--- START ---
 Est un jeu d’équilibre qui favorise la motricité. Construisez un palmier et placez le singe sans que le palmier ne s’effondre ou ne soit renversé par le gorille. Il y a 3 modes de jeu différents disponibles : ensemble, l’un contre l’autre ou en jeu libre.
--- END ---
--- START ---
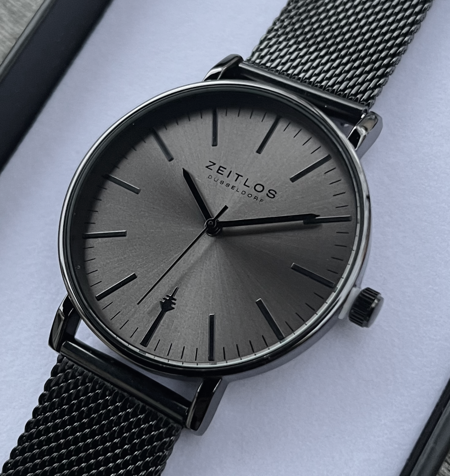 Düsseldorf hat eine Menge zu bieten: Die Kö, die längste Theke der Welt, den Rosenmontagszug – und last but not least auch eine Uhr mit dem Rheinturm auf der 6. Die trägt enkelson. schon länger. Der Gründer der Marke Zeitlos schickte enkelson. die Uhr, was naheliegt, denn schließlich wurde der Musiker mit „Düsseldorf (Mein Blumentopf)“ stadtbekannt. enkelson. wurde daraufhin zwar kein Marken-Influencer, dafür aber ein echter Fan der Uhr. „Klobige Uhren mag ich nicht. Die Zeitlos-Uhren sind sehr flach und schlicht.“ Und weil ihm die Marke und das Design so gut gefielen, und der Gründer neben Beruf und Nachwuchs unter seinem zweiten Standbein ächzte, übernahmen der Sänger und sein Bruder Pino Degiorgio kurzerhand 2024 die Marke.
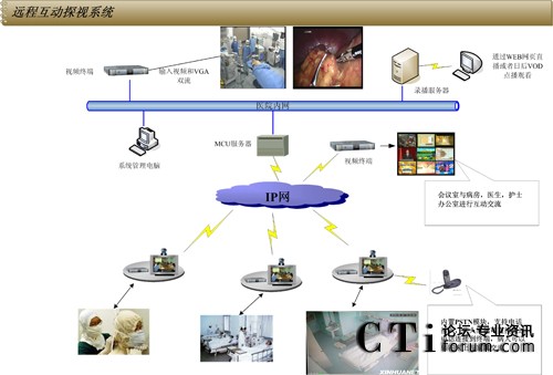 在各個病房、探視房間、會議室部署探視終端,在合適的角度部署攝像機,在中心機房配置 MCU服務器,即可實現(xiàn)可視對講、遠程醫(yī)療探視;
--- END ---
--- START ---
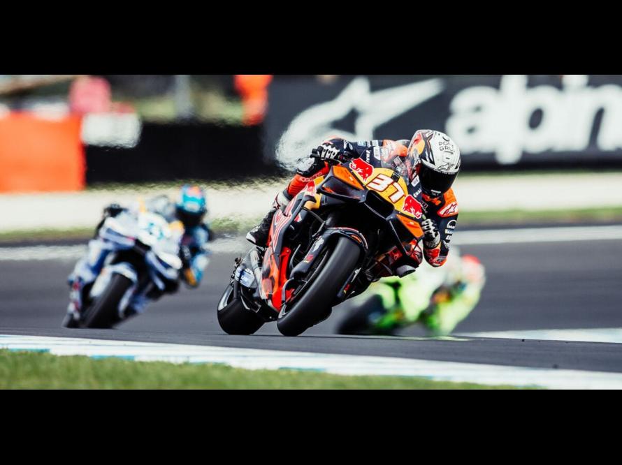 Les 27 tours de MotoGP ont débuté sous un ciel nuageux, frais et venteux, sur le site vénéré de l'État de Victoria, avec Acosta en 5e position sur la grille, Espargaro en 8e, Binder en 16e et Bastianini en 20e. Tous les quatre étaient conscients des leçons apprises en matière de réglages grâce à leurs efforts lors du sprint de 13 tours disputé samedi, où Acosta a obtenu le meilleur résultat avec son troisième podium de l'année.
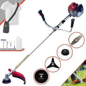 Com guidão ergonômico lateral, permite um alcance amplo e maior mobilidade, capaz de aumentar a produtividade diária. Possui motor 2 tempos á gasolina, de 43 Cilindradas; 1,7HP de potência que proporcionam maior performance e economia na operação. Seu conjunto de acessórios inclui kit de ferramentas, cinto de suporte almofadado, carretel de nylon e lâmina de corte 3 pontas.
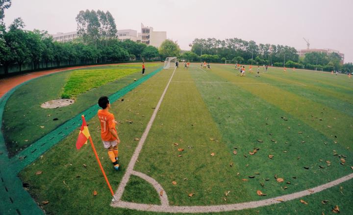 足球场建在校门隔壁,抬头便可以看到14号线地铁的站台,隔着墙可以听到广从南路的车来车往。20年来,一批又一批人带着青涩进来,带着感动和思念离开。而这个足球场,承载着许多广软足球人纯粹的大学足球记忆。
--- END ---
▸ **The task**:
Copy the lines above between the one holding "Düsseldorf hat eine" and the one holding "在各個病房、探視房間、會議室", inclusive. Drop the pictures.

▸ **Task output**:
 Düsseldorf hat eine Menge zu bieten: Die Kö, die längste Theke der Welt, den Rosenmontagszug – und last but not least auch eine Uhr mit dem Rheinturm auf der 6. Die trägt enkelson. schon länger. Der Gründer der Marke Zeitlos schickte enkelson. die Uhr, was naheliegt, denn schließlich wurde der Musiker mit „Düsseldorf (Mein Blumentopf)“ stadtbekannt. enkelson. wurde daraufhin zwar kein Marken-Influencer, dafür aber ein echter Fan der Uhr. „Klobige Uhren mag ich nicht. Die Zeitlos-Uhren sind sehr flach und schlicht.“ Und weil ihm die Marke und das Design so gut gefielen, und der Gründer neben Beruf und Nachwuchs unter seinem zweiten Standbein ächzte, übernahmen der Sänger und sein Bruder Pino Degiorgio kurzerhand 2024 die Marke.
 在各個病房、探視房間、會議室部署探視終端,在合適的角度部署攝像機,在中心機房配置 MCU服務器,即可實現(xiàn)可視對講、遠程醫(yī)療探視;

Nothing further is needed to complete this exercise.